From a family of Catholic recusant sympathisers, Richard was the son of Robert Brett, gent., of Whitestaunton Manor in Somerset. He was born in London. He attended Hart Hall, Oxford which he entered as a commoner in 1582. He was appointed Rector of Quainton, Buckinghamshire, in 1595. That same year, he was granted a Fellowship in Lincoln College under Richard Kilby, where he pursued his study of Latin, Greek, Aramaic, Arabic, Hebrew, and Ge'ez (Ethiopic) tongues. In 1597 he was admitted bachelor of divinity, and he proceeded in divinity in 1605.

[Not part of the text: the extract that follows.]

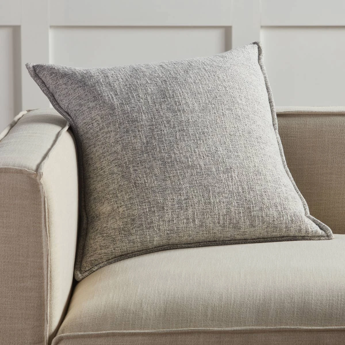 The Tanzy pillow collection boasts an assortment of earthy tones and simple patterns for cozy, inviting looks that complement any style. The Lochlan throw pillow features a solid heathered pattern and a reverse stripe pattern in a contemporary silver and cream colorway. The 100% cotton cover provides a comforting global feel and perfects indoor spaces such as sitting rooms, living areas and bedrooms alike.
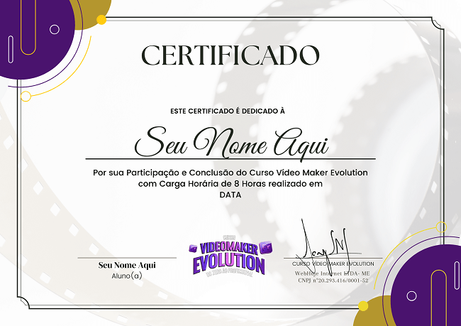 Sim, nosso curso conta com certificado gratuito. Após concluir o Curso Vídeomaker Evolution você vai ter acesso a este lindo certificado que atesta sua capacitação profissional.

He died in Quainton on 5 April 1637, aged 70, and is buried in the chancel of Quainton Church, which he served for 43 years. Over his grave a monument with his effigies and a Latin and English epitaph was erected by his widow. His will was proved in P.C.C. in June 1637. By his wife Alice, daughter of Richard Brown, sometime mayor of Oxford, he left four daughters, of whom Margaret married Calybute Downing in 1627.

==Works==
His scholarly publications were in Latin.

- Two translations from Greek into Latin:
  - Vitæ sanctorum Evangelistarum Johannis et Lucæ à Simeone Metaphraste concinnatæ, Oxford, 1597.
  - Agatharchidis et Memnonis historicorum quæ supersunt omnia, Oxford, 1597.
- Iconum sacrarum Decas in quâ è subjectis typis compluscula sanæ doctrinæ capita eruuntur (Joseph Barnes, Oxford 1603).